Cierpka-Kmiec Katarzyna, Wronska Agata, Kmiec Zbigniew
Department of Hypertension and Diabetology, Medical University of Gdansk, Poland, Gdańsk, Poland.
Department of Histology, Medical University of Gdansk, Poland.
Folia Histochem Cytobiol. 2019;57(1):1-14. doi: 10.5603/FHC.a2019.0001. Epub 2019 Mar 14.
Diabetes mellitus is a chronic disease that affects hundreds of millions of people worldwide. Type 1 diabetes (T1D) is characterized by the lack of pancreatic β-cells that had been destroyed as a result of an autoimmune response. Therefore, in patients with T1D, the replacement therapy with functional β-cells derived from extrinsic sources could be a preferable option as compared to insulin treatment. Unfortunately, successful transplantation of whole pancreata or pancreatic islets into patients with diabetes is available only to a fraction of them due to the scarcity of donors. The rapid development of cell reprogramming methods made it possible to generate large numbers of human β-like cells derived from human embryonic stem cells (hESCs) or human induced pluripotent stem cells (hiPSCs). This review describes the basis of in vitro differentiaton protocols of β-like cells that mimic changes of the main signaling pathways during the key stages of human and murine pancreas development, which are described first. During the last 15 years it was found that there are no important differences between hESCs and hiPSCs in their differentiation capacities into β-like cells and the expression profiles of the key transcription factors. The in vitro produced β-like cells are immature as demonstrated by functional tests in rodents and single-cell transcriptomic and proteomic analyses. After the transplantation of the β cell progenitors into immunocompromised diabetic mice, a few weeks have to pass before the increased insulin levels in response to glucose load appear. There is a continuous progress in the development of open-type encapsulation devices which allow the vascularization of the transplanted cells and protect them against host's immune cells. The results of the first clinical trial of human partially differentiated endocrine progenitors of β cells transplanted into patients with T1D will be published in the year 2019. It is hoped that further improvements in the techniques of large-scale generation of the β-like cells derived from human pluripotent stem cells will bring us closer to their clinical application as a form of cause-directed therapy for people with diabetes.
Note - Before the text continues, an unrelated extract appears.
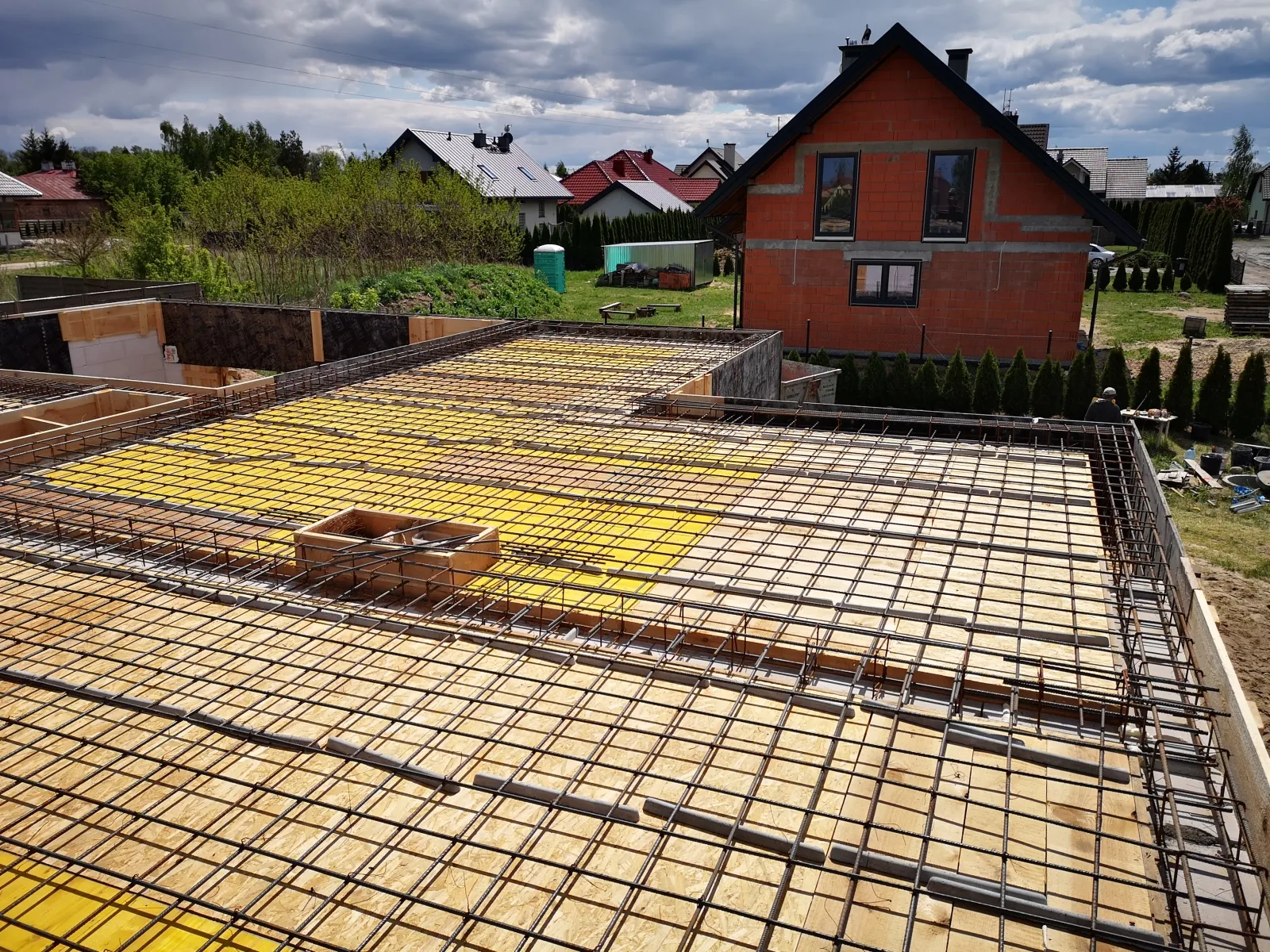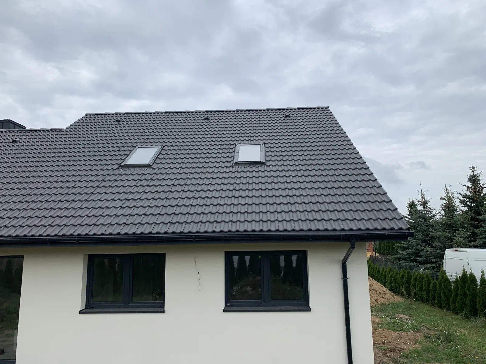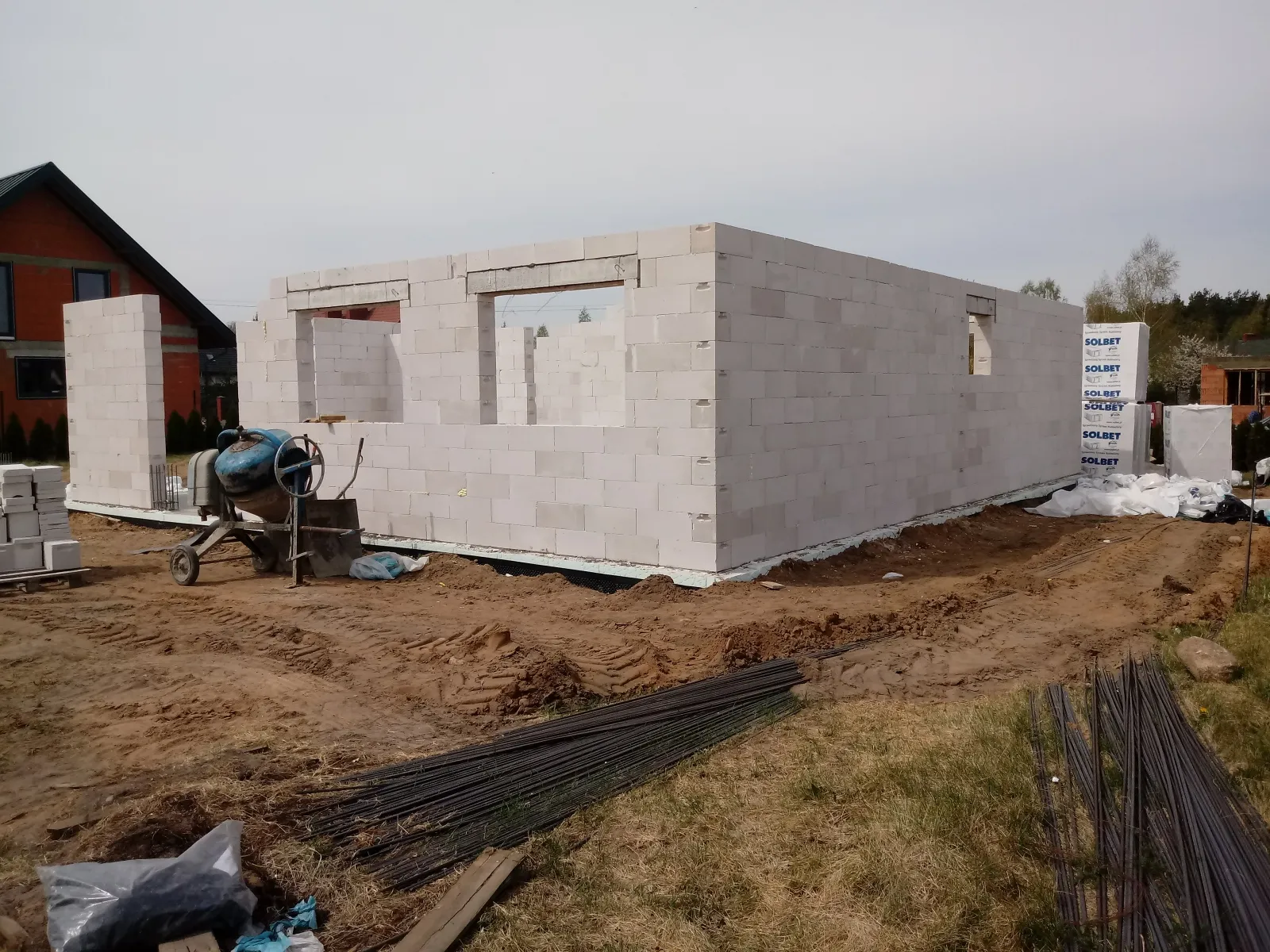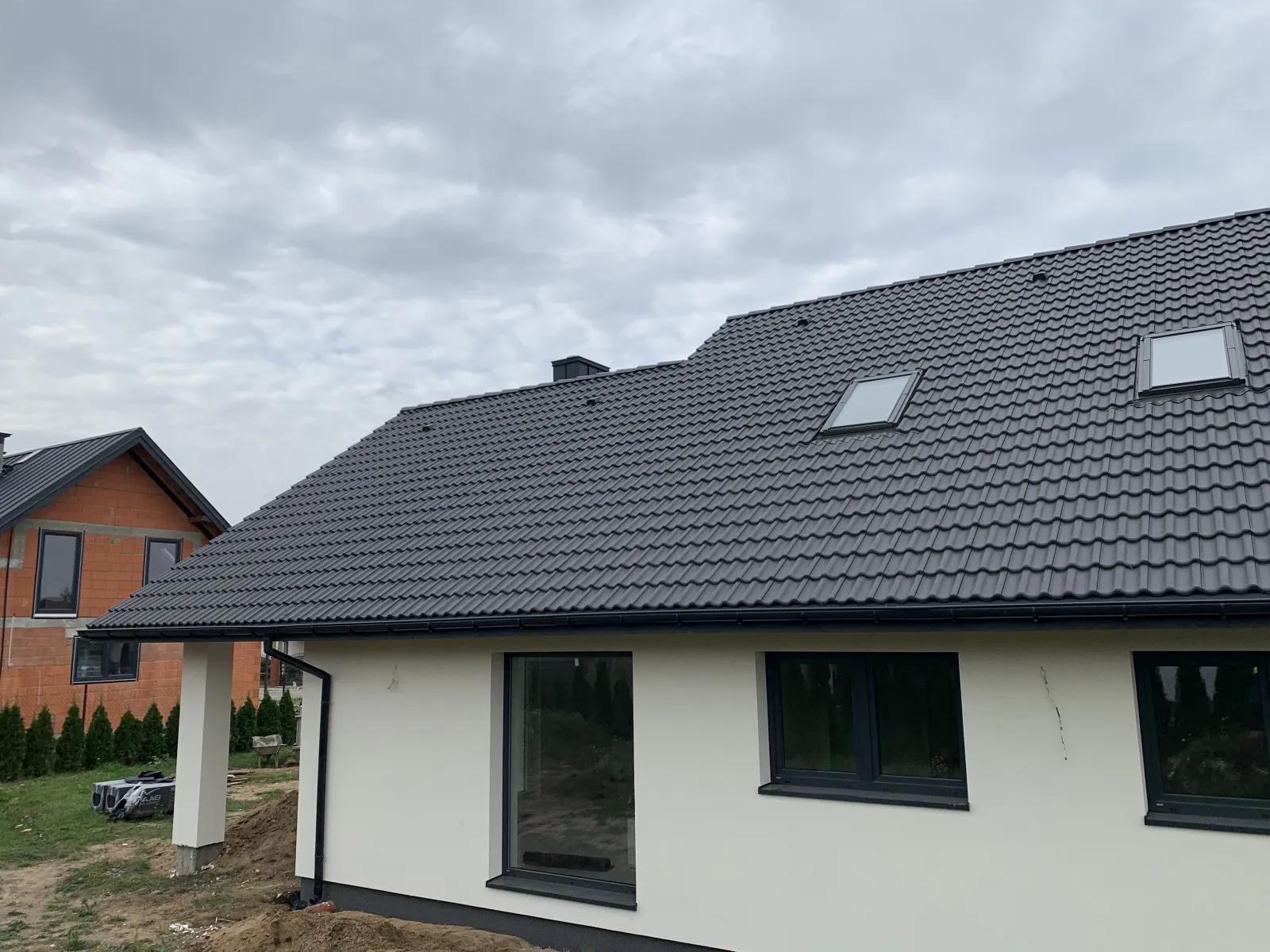 O casă cu o suprafață construită de aproape 136 m2 ridicată pe fundații tradiționale, adică benzi armate și ziduri de fundație. Pereții au fost realizați din beton celular. Planșeul peste parter este monolitic, din beton armat. Acoperișul clădirii este acoperit cu tablă cutată Pruszyński de culoare antracit.

糖尿病是一种影响全球数亿人的慢性疾病。1型糖尿病(T1D)的特征是由于自身免疫反应导致胰腺β细胞缺失。因此,与胰岛素治疗相比,用外源性功能β细胞进行替代治疗可能是T1D患者的更优选择。不幸的是,由于供体稀缺,只有一小部分糖尿病患者能够成功接受全胰腺或胰岛移植。细胞重编程方法的快速发展使得从人类胚胎干细胞(hESCs)或人类诱导多能干细胞(hiPSCs)中大量生成人类β样细胞成为可能。本综述首先描述了人类和小鼠胰腺发育关键阶段主要信号通路变化的β样细胞体外分化方案的基础。在过去15年中发现,hESCs和hiPSCs在分化为β样细胞的能力以及关键转录因子的表达谱方面没有重要差异。如在啮齿动物中的功能测试以及单细胞转录组和蛋白质组分析所示,体外产生的β样细胞是不成熟的。将β细胞祖细胞移植到免疫受损的糖尿病小鼠中后,需要几周时间才能出现对葡萄糖负荷的胰岛素水平升高。开放式封装装置的开发不断取得进展,这些装置允许移植细胞血管化并保护它们免受宿主免疫细胞的攻击。将人类部分分化的β细胞内分泌祖细胞移植到T1D患者中的首次临床试验结果将于2019年公布。希望人类多能干细胞来源的β样细胞大规模生成技术的进一步改进能使我们更接近将其作为糖尿病患者病因导向治疗的临床应用。